WORK INSTRUCTIONS
From the line containing "Для сушилки тыкву" to the final line of the material below, return every line exactly. Do not include pictures.

INFORMATION SHOWN
┄┄┄┄┄┄┄┄┄┄┄┄┄┄┄┄┄┄┄┄

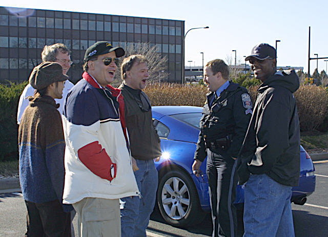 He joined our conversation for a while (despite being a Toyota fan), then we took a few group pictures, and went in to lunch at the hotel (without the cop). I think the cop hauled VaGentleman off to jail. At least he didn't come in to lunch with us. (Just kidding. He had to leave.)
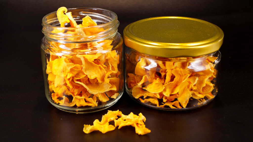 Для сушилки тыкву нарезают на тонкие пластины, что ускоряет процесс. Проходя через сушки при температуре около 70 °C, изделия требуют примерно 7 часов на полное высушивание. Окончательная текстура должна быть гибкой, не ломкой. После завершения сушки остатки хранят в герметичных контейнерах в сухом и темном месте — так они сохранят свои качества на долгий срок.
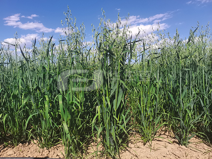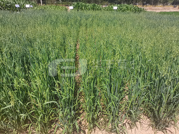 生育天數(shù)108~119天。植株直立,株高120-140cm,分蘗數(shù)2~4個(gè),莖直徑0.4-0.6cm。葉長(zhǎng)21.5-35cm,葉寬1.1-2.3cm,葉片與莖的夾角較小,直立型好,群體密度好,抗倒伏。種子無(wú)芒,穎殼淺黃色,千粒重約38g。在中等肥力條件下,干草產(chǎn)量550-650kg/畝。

┄┄┄┄┄┄┄┄┄┄┄┄┄┄┄┄┄┄┄┄

ANSWER TO THE PROBLEM
 Для сушилки тыкву нарезают на тонкие пластины, что ускоряет процесс. Проходя через сушки при температуре около 70 °C, изделия требуют примерно 7 часов на полное высушивание. Окончательная текстура должна быть гибкой, не ломкой. После завершения сушки остатки хранят в герметичных контейнерах в сухом и темном месте — так они сохранят свои качества на долгий срок.
 生育天數(shù)108~119天。植株直立,株高120-140cm,分蘗數(shù)2~4個(gè),莖直徑0.4-0.6cm。葉長(zhǎng)21.5-35cm,葉寬1.1-2.3cm,葉片與莖的夾角較小,直立型好,群體密度好,抗倒伏。種子無(wú)芒,穎殼淺黃色,千粒重約38g。在中等肥力條件下,干草產(chǎn)量550-650kg/畝。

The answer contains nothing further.